Swathi Muthyam () is a 2022 Indian Telugu-language comedy drama film written and directed by Lakshman K Krishna. The film features Bellamkonda Ganesh (in his debut) and Varsha Bollamma. The film revolves around dramatic life of an innocent boy, Bala.

Plot 

A young man, Bala Murali Krishna works as a government employee. He is innocent and pure at heart. His family starts searching a bride for him.One of those matches is Bhagyalakshmi aka Bhagi(Varsha). They met in a coffee shop, She tells that she needs some time to decide about their marriage.To  understand better about each other they started meeting frequently, slowly they fell in love and Bhagi agrees to marry Bala.

On the wedding day he got a phone call from his office, He is shocked to see Sailaja(Divya ) at his office. Few months back Bala donated his sperms for an illegal surrogacy for a lady in Dubai. Sailaja is the one who carried surrogacy and gave birth to a baby. She informed him that the lady died and no one is responding about that.

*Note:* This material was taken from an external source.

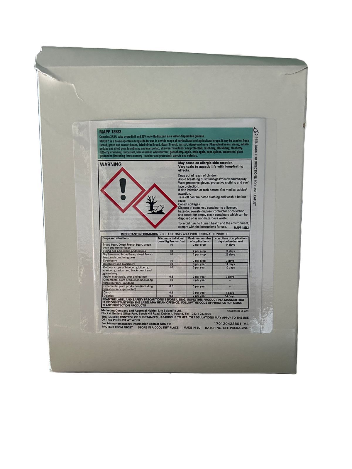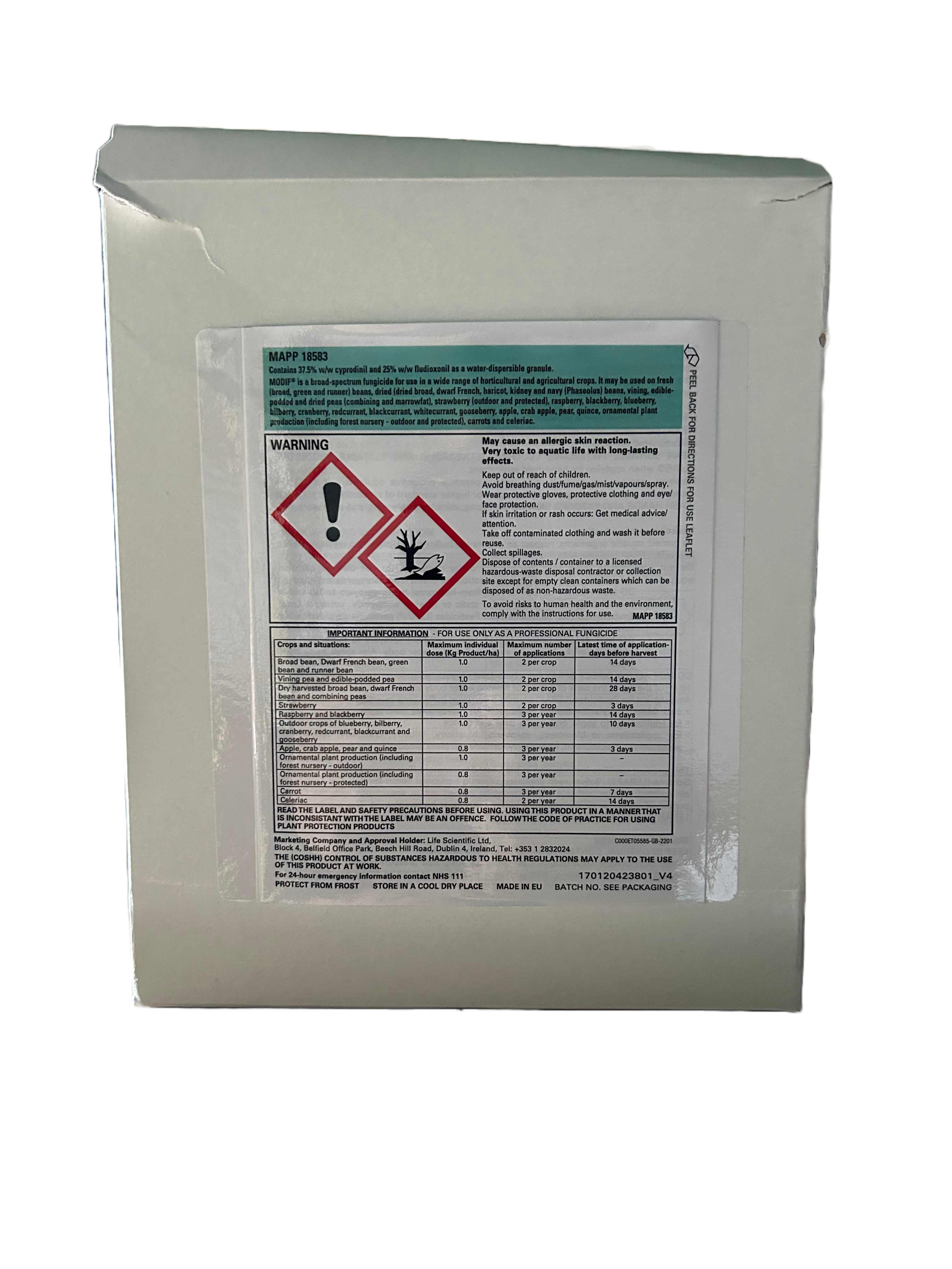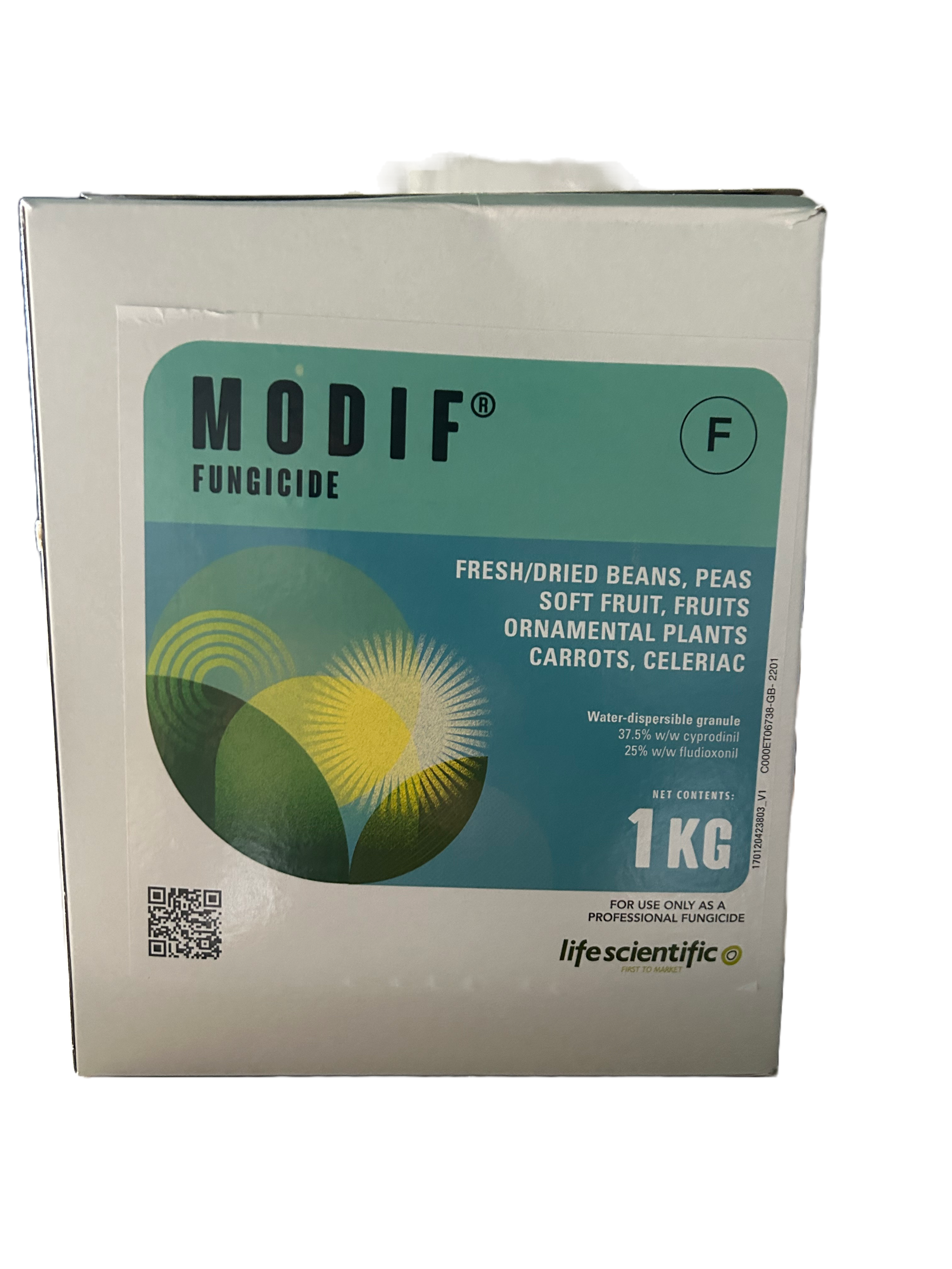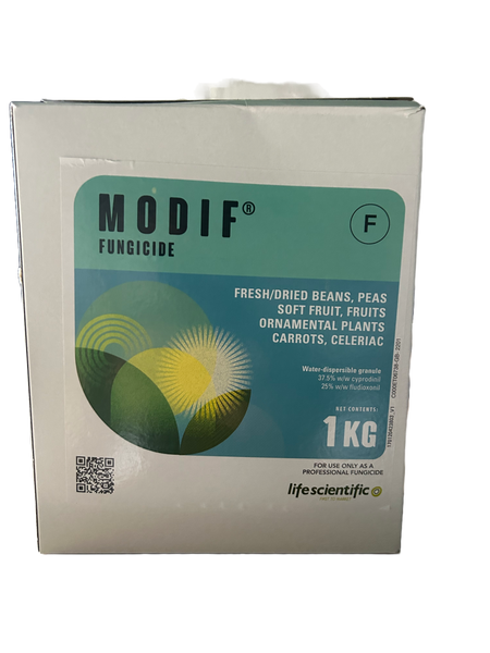 Modif is a co-formulation of cyprodinil and fludioxonil for the control of a range of diseases in ornamental plant production and in a range of both vegetable and fruit crops.

Bala takes her to his marriage. She overhears Bala and his friend Bucchi babu conversation and misunderstands him and leaves the marriage leaving the baby with Bala. Everyone at marriage thinks that the baby in Bala's hands is his baby and he had an affair with Sailaja. Due to these misunderstandings his marriage gets cancelled. He takes care of that baby. Bhagi comes to know about that surrogacy issue and understand that Bala is innocent. Her parents find another match for her. She goes to hospital to do female sterilization(surgical procedure to prevent pregnancy permanently). Upon knowing this Bala comes to the hospital at the same time Bucchi babu and  Sailaja come to the same place to clear misunderstandings between Bala and his family. 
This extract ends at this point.